But the biggest and brightest screen stars in the West End are a pair of fictional characters who have been brought to the stage in bold, spectacular new musical versions. Their names are Mary Poppins and Billy Elliot. Both shows have darkened their source material; as a result, they are not exactly suitable for younger children, what with the sometimes nightmarish imaginative reach of the former and the over-ripe language of the latter. Also, both are a bit overlong at nearly three hours. Still, they are bracingly intelligent works with deep emotional content.
Although Crowley's set for Mary Poppins puts the entire Banks' family home onstage like an elaborate Edwardian doll's house, this isn't a cozy domestic drama. Like Peter Pan, the very English stories of PL Travers upon which both the film version of Mary Poppins and this stage version are based are parables about dysfunctional families and faulty parenting. And, just as in Peter Pan, an airborne figure provides the catalyst for change and a transformation of parental priorities.
This is one of the darker layers that Oscar-winner Julian Fellowes uncovers in his stage script, alongside the merry mischief that the arrival of Mary Poppins at the Banks household at 17 Cherry Tree Lane precipitates.

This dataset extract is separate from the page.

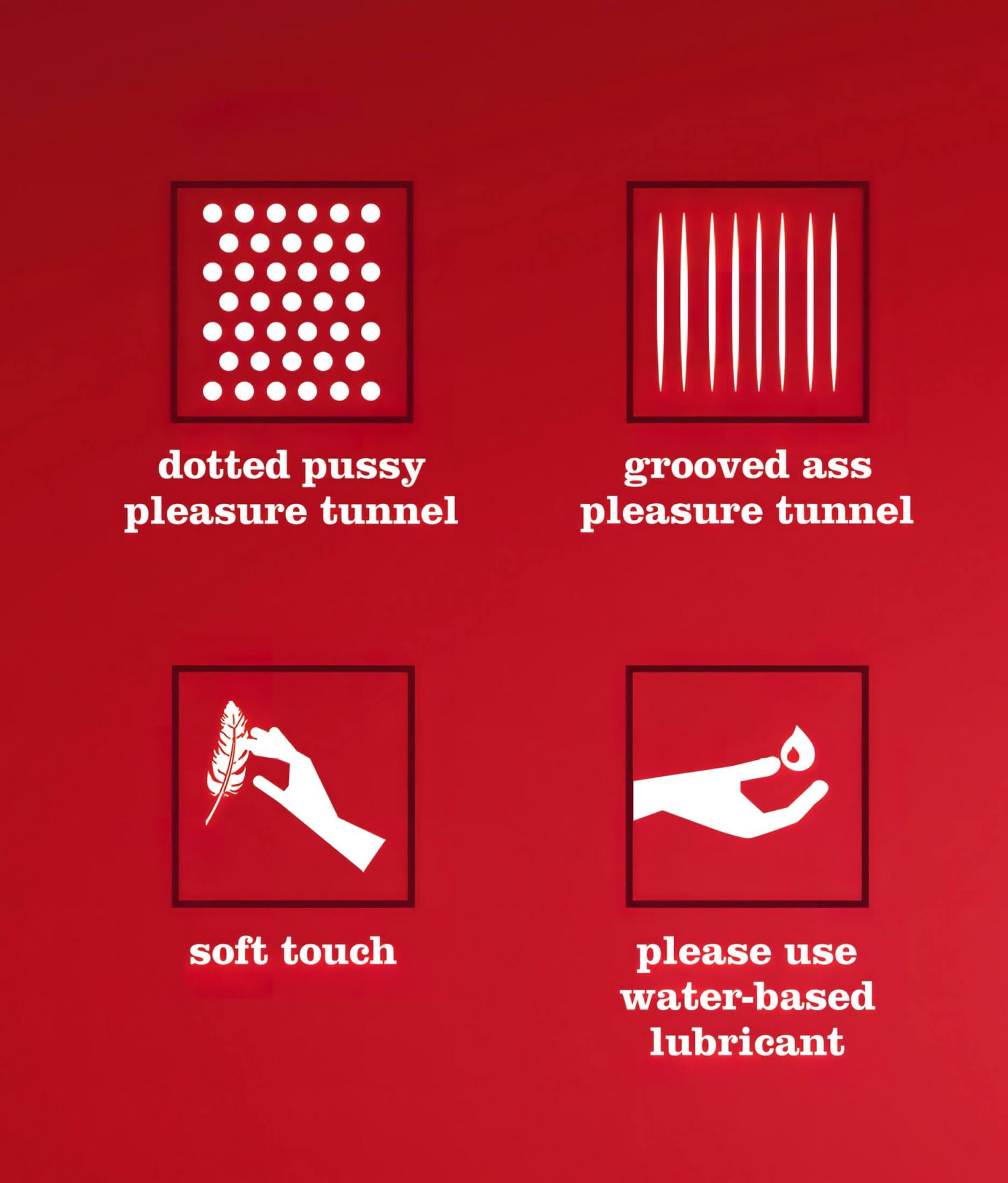 Påfør rikelig med glidemiddel på ønsket kanal før bruk, og nyt den realistiske følelsen! De indre åpningene er åpne, slik at du enkelt kan skylle kanalene etter bruk og la dem tørke.

The Banks family has gone through six nannies in four months before Mary magically appears. Mrs. Banks (Linzi Hateley, who played the title role in the notorious Broadway flop Carrie) is desperately trying but failing to fulfill her household duties. Mr. Banks (David Haig), an investment banker, finds himself suspended without pay after he makes what looks like a bad business decision. Their young children, Jane and Michael, are about to be taught some important life lessons from their latest nanny, who modestly declares herself to be "practically perfect in every way." (She does so in one of several bright new songs cleverly interpolated into Richard and Robert Sherman's original film score by the British songwriting team of George Stiles and Anthony Drewe.)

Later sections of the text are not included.